I know the kind of conformity Rita May Brown speaks of here.
In my young adult years I compromised so much of myself and made so many accommodations to fit into the group, to please others, to not rock the boat that I ended up a fraction of the person I truly was. I’d often wonder how things got to be like this, how I’d arrived at a place where I felt disconnected and uncomfortable in my own skin.
You see I’m an introvert and I’m also a recovering people-pleaser. What have these two got to do with all this you may well ask?

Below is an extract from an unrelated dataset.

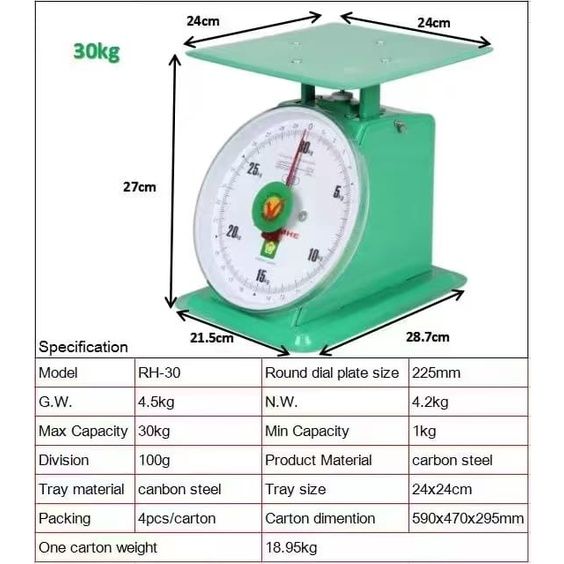 RENKMHE Timbangan Manual Jarum Vietnam Kapasitas 20 Kg 30 Kg 40 Kg 50 Kg Spring Dial Scale Besi Plat Tebal Datar Rata

Well this quote has me putting them together for the first time. I’m wondering whether it wasn’t simply easier for me to turn inside, stay quiet, keep to myself as a way to protect myself from my conforming people-pleasing ways than it was to step out, risk being different, risk someone not liking what I had to say or did or believed, risk someone not liking me.
If this was the case, then in a round about way, as our coping strategies often are, I was given a gift. Turning inwards to my own company, to this place where I find my kind, find where I naturally fit, find the one I really want to hang out with, find the one I don’t need to please, where I don’t need to conform, find the one I want to talk to, read to and reflect with.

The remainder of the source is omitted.